Called CREST syndrome: Centromere antibodies, Raynaud’s, Esophagus dysmotility, Sclerodactyly (finger thickening), skin Telangiectasia (capillary dilation)

Diffuse type

In this type, there is early visceral involvement and widespread skin changes.

It can lead to pulmonary fibrosis/hypertension as well as Raynaud’s and GI problems.

It is associated with antibodies to DNA topoisomerase I.

Management

Immunosuppressants

Fibromyalgia

This is a condition which is characterised by chronic widespread pain and a heightened pain response to pressure stimuli, which is more common in women.

Its aetiology is not fully understood, and the pain appears to result from the way pain signals are processed by the central nervous system.

The condition is referred to as a “central sensitisation syndrome”.

It is a clinical diagnosis based on ruling out other pathologies.

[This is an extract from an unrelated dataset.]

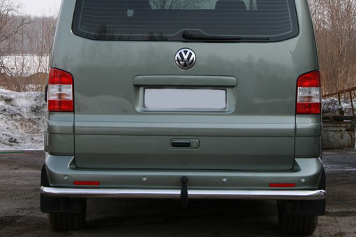 Защита заднего бампера труба предназначена для автомобилей Volkswagen Multivan California (4х4) 2005-2009 г.в. Вам не придется подгонять защиту под размеры бампера вашего авто. И с монтажом проблем не возникнет: установка защиты заднего бампера производится в штатные отверстия, а значит, необходимость сверлить кузов отпадает.
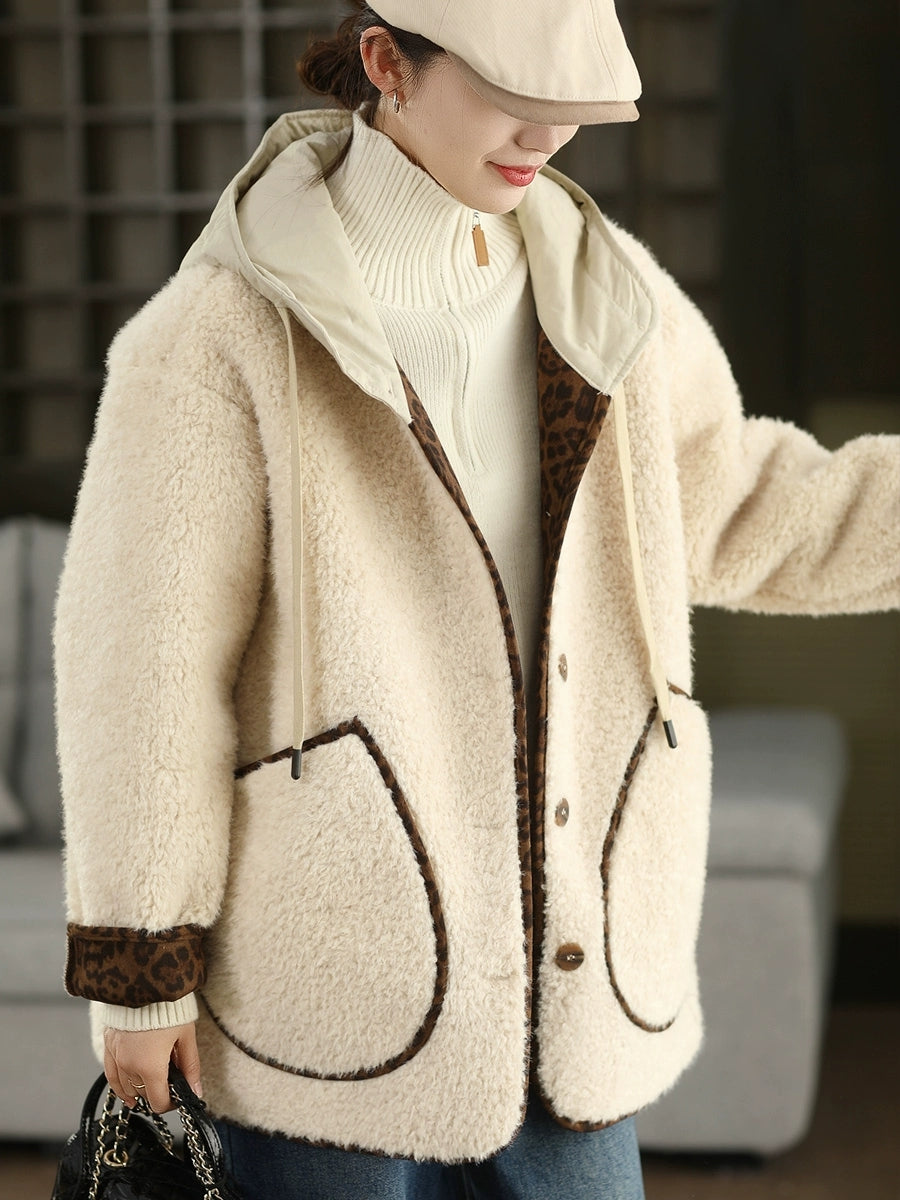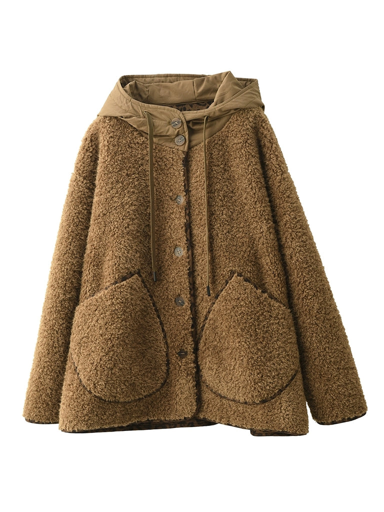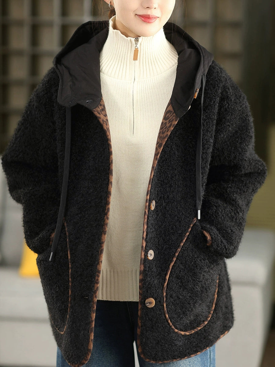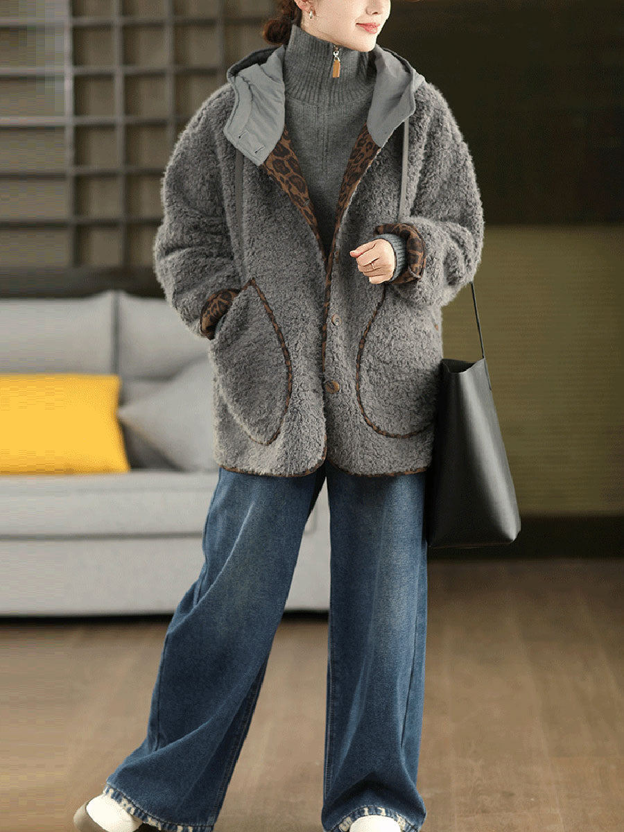 Women Winter Retro Fleece Hooded Coat

Investigations are typically normal, so the pain cannot be attributed to any other organic cause.

Symptoms

Pain that is chronic (>3 months) and widespread (bilateral, proximal and distal)

Profound fatigue, difficulty concentrating, poor sleep, low mood, headaches

Key tests

Diagnosis of exclusion as investigations will be normal

Management

Multidisciplinary approach to improve overall functioning.

CBT – psychological support

Neuropathic agents, e.g., amitriptyline, pregabalin, gabapentin etc.

Chronic fatigue syndrome

This is like fibromyalgia, but the prominent problem is fatigue, rather than pain.

It is characterised by persistent fatigue lasting > 6 months and present more than 50% of the time. It is also associated with poor sleep, low mood etc.

The management is similar to fibromyalgia with a MDT approach used, except from the use of pharmacological agents.